At the moment, the city isn’t disclosing specific numbers for the size of the increase, but it’s clear the taskforce making these determinations believes it can increase the fee without overly burdening development.

Hock said the original analysis the city received from a consultant  in 2016 indicated that the city’s development market could handle quite a bit more — as much as $7 per square foot in certain sectors.

“We were way more conservative,” she said. “And depending on who you talk to, some might say, ‘Oh, it had a huge impact.’ But most people I’ve talked to say the linkage fee is so small it’s negligible.”

Hock added that the program aims to create a better revenue stream that’s still workable from the development industry’s expectations.

However, as the city is re-evaluating what it charges developers, the state is considering granting all Colorado cities the power to make a more specific requirement of residential development. House Bill 1117, which passed the House last month and is working its way through the Senate, would allow municipalities to require new residential developments to incorporate a certain percentage of income-restricted units.

Because of that, it’s likely any increase to linkage fees would only apply to non-residential projects.

“From a legal perspective, the city can’t double dip,” Hock said. “If we’re saying linkage fee is about mitigating affordable housing and through inclusionary housing we’re providing it, we can’t do that. But that said, we can’t apply affordable housing requirements to an office or retail development, so what we’d see going forward most likely is both those tools existing but its applicability determined by the use of the development.”

In the meantime, Denver’s Affordable Housing Fund, which includes the linkage fee and other revenue sources, has produced 3,020 dedicated income-restricted units, HOST said.

Among the larger examples that entered some phase of development over the last year: $3 million toward Reserves at Green Valley Ranch, which will incorporate 144 income-restricted units; $3.5 million toward 81 units at 8315 E. Colfax Ave. and 1500 Valentia St.; and $3.3 million toward 72 units at Pancratia Hall, part of the redevelopment of the former Loretto Heights University campus in southwest Denver.

“The linkage fee since its conception has generated a little more than $22 million,” said Brad Weining, a director for the city’s Department of Housing Stability, or HOST. “The idea was to roughly produce, depending on market swings, somewhere around $7 million to $8 million annually, and along with other sources, that would allow us to deploy resources based on strategic plans.”

The fund, which has other revenue sources, too, has also helped with homeless services.

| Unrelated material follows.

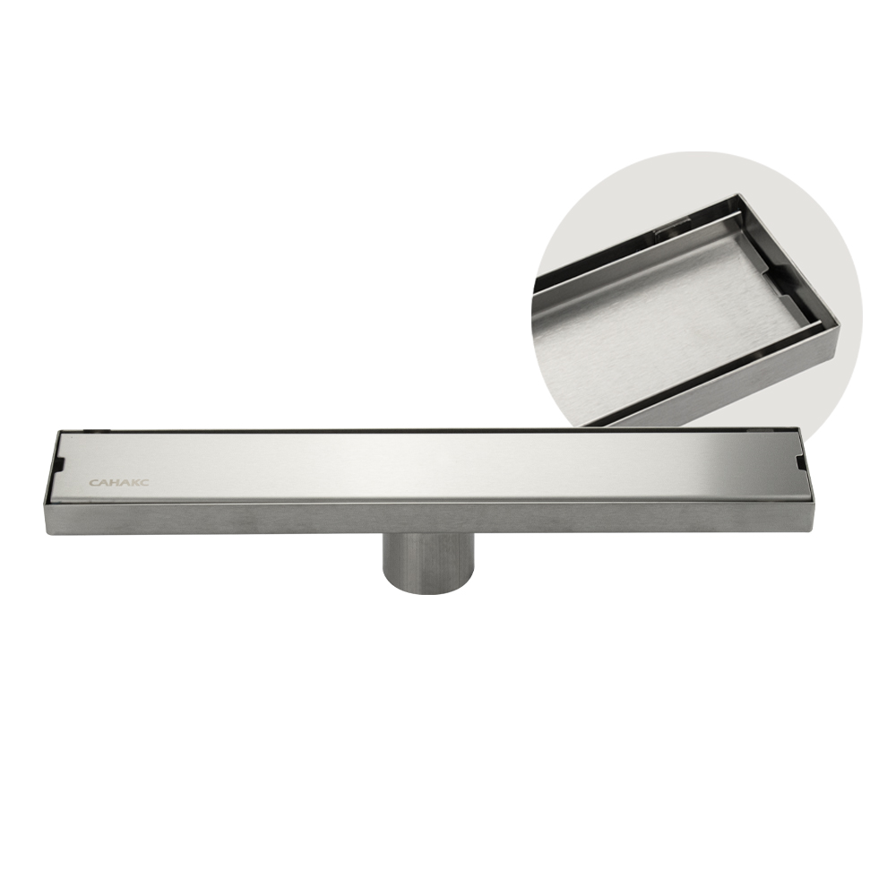 Душевой сливной трап из нержавеющей стали, линейный, вертикальный с гидрозатвором, крышка литая двухсторонняя, с возможностью вставки плитки– это специальный элемент сантехнических коммуникаций, предназначенный для отвода воды в систему канализации. Как правило, душевые трапы устанавливаются непосредственно в пол. Благодаря небольшим габаритам и высоте душевые трапы идеальны для установки в душевых зонах. Это важно для организации пространства, где нет возможности установить классическую ванну: в малогабаритных квартирах, студиях, совмещенных санузлах и т.п. Габаритные размеры: высота 70 мм, ширина 70 мм, длина 400 мм, выход в канализацию 50 мм. Вес - 1,000 кг, объём - 0,00250 м3.

HOST reported 132,940 households in 2018 that were 80 percent AMI and below. That means 95,717 are paying more than economists say they should be for their housing, and about 48,000 are paying significantly more. Meanwhile, in 2020, HOST reported 24,000 total income-restricted units available in the city.

“We’re always going to need more than we have,” Hock said.

Correction: This story has been updated to note that the referenced 3,020 units have been funded by the Affordable Housing Fund, which includes revenue from other sources in addition to the linkage fee.